Reaktivite ve bileşikler. Tüm halojenler, iyonik karakteri hem halojene hem de metale bağlı olan tuzlar oluşturmak üzere doğrudan metallerle reaksiyona girer. Dolayısıyla metal florürler, özellikle IA ve IIA alt gruplarının metalleri iyonik bileşiklerdir. Halojenin atom kütlesinin artması ve metalin reaktivitesinin azalmasıyla bağın iyoniklik derecesi azalır. İyonik bağ tipine sahip halojenürler, üç boyutlu kristal kafeslerde kristalleşir. Örneğin, NaCl (sofra tuzu) kübik bir kafese sahiptir. Bağ kovalansı arttıkça katmanlı yapıların oranı da artar (CdCl2, CuCl2, CuBr2, PbCl2, PdCl2, FeCl2, vb.'de olduğu gibi). Gaz halinde kovalent halojenürler sıklıkla dimerler oluşturur, örneğin Al2Cl6 (AlCl3 dimer). Halojenler, metal olmayanlarla neredeyse tamamen kovalent bağlara sahip bileşikler oluşturur; örneğin karbon, fosfor ve kükürt halojenürler (CCl4, vb.). Ametaller ve metaller, örneğin SF6, PF5, CuF3, CoF3 gibi flor ile reaksiyonlarda maksimum oksidasyon durumları sergiler. Benzer bileşime sahip iyodürleri elde etme girişimleri, iyotun büyük atom yarıçapı (sterik faktör) ve yüksek oksidasyon durumlarındaki elementlerin I'i I2'ye oksitlemeye yönelik güçlü eğilimi nedeniyle başarısız olur. Doğrudan senteze ek olarak halojenürler başka yöntemlerle de elde edilebilir. Karbon varlığında metal oksitler halojenlerle reaksiyona girerek halojenürler oluşturur (örneğin Cr2O3, CrCl3'e dönüşür). CrCl3x6H2O'dan dehidrasyon yoluyla CrCl3 elde etmek mümkün değildir, yalnızca bazik klorür (veya hidroksoklorür) elde etmek mümkündür. Halojenürler ayrıca oksitlerin HX buharlarıyla işlenmesiyle de elde edilir, örneğin:

İyi bir klorlama maddesi CCl4'tür, örneğin BeO'yu BeCl2'ye dönüştürmek için. SbF3 genellikle klorürlerin florlanması için kullanılır (yukarıdaki SO2ClF'ye bakınız).

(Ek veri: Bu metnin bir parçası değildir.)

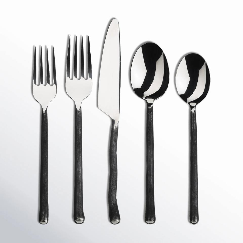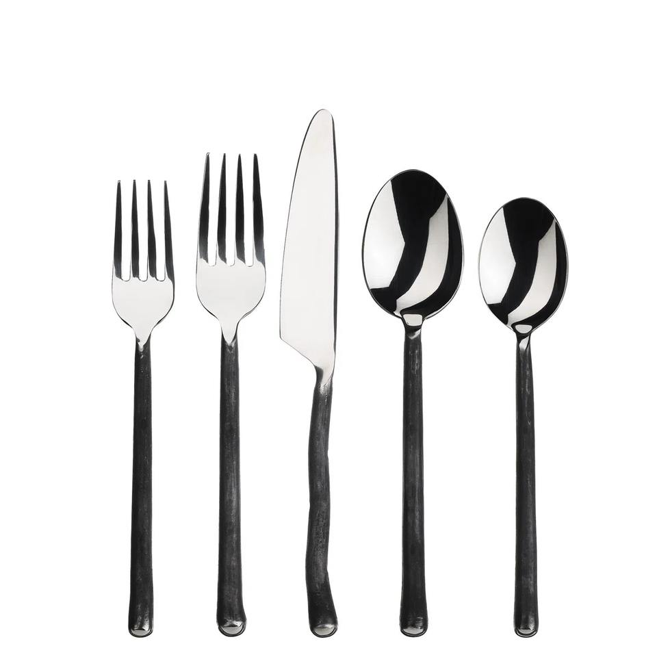 Ensemble de couverts anciens forgés à la main en acier inoxydable 304 nourriture argent ondulé noir fait à la main ensemble de couverts de sécurité alimentaire mariage restaurant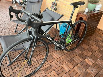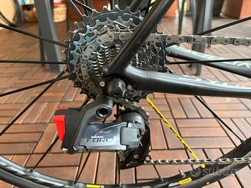 Gruppo Sram Force 12v AXS (elettronico), con guarnitura in carbonio che monta 46/33.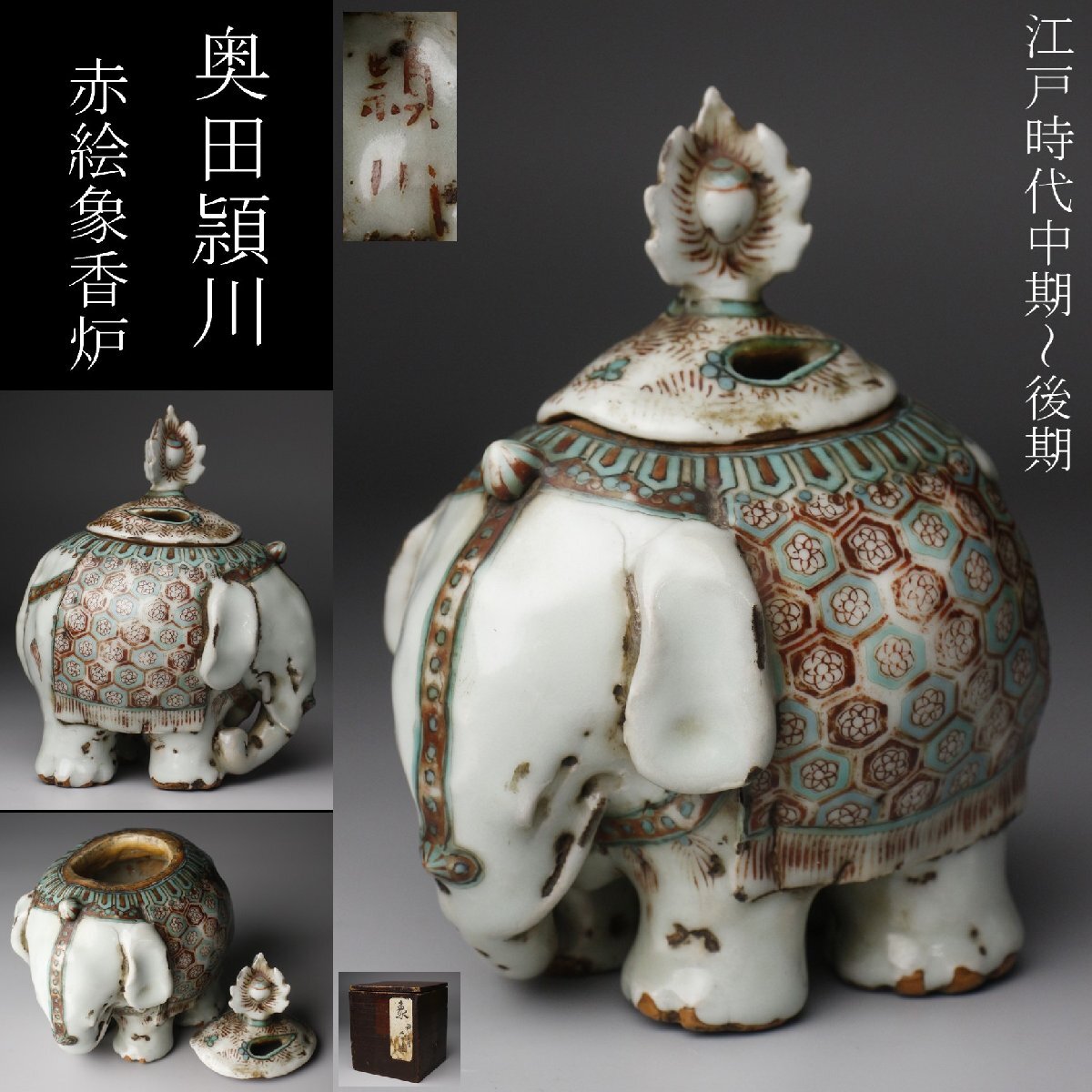 - 【LIG】江戸時代中期~後期 奥田頴川 赤絵 象香炉 古美術品 時代箱 旧家蔵出品 [.YO]25.11

Polihalojenürler. Halojenler birçok metal halojenürle reaksiyona girerek büyük anyonik Xn1 türleri içeren polihalojenür bileşikleri oluşturur. Örneğin:

İlk reaksiyon, konsantre bir KI çözeltisine iyot ekleyerek yüksek derecede konsantre bir I2 çözeltisi hazırlamak için uygun bir yöntem sağlar. Poliiyodürler I2'nin özelliklerini korur. Karışık polihalojenürler elde etmek de mümkündür: RbI + Br2 -> RbIBr2 RbICl2 + Cl2 -> RbICl4
Çözünürlük. Halojenlerin suda bir miktar çözünürlüğü vardır ancak beklendiği gibi XX bağının kovalent yapısı ve küçük yük nedeniyle çözünürlükleri düşüktür. Flor o kadar aktiftir ki sudaki oksijenden bir elektron çifti çekerek serbest O2'yi serbest bırakır ve OF2 ve HF'yi oluşturur. Klor daha az aktiftir ancak suyla reaksiyona girerek bir miktar HOCl ve HCl üretir. Klor hidratlar (örneğin Cl2*8H2O) soğutma sonrasında çözeltiden salınabilir.

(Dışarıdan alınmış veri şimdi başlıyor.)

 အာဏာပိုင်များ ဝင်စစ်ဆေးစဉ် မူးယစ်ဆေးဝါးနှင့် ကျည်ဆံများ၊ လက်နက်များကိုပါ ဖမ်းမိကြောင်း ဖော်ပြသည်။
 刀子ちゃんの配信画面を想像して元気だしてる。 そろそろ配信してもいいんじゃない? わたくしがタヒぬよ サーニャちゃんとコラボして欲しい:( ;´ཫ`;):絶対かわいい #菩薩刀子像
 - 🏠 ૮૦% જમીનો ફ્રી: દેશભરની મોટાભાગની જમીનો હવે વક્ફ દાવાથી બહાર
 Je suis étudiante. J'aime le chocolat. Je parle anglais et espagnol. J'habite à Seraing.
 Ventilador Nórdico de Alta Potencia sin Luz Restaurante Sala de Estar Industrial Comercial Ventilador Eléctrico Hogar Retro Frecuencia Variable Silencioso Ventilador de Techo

İyot, çeşitli çözücülerde çözündüğünde olağandışı özellikler sergiler. Az miktarda iyot su, alkoller, ketonlar ve diğer oksijen içeren çözücüler içinde çözüldüğünde kahverengi bir çözelti oluşur (alkolde %1'lik I2 çözeltisi yaygın bir tıbbi antiseptiktir). CCl4 veya diğer oksijensiz çözücülerdeki iyot çözeltisi mor renktedir. Böyle bir çözücüde iyot moleküllerinin aynı renge sahip gaz fazındaki durumlarına benzer davrandığı varsayılabilir. Oksijen içeren çözücülerde, oksijenin elektron çifti iyotun değerlik yörüngelerine çekilir.
Oksitler. Halojenler oksitler oluşturur. Bu oksitlerin özelliklerinde sistematik bir düzen veya periyodiklik gözlenmez. Halojen oksit üretmenin ana yöntemlerinin yanı sıra benzerlikler ve farklılıklar tabloda listelenmiştir. 8b.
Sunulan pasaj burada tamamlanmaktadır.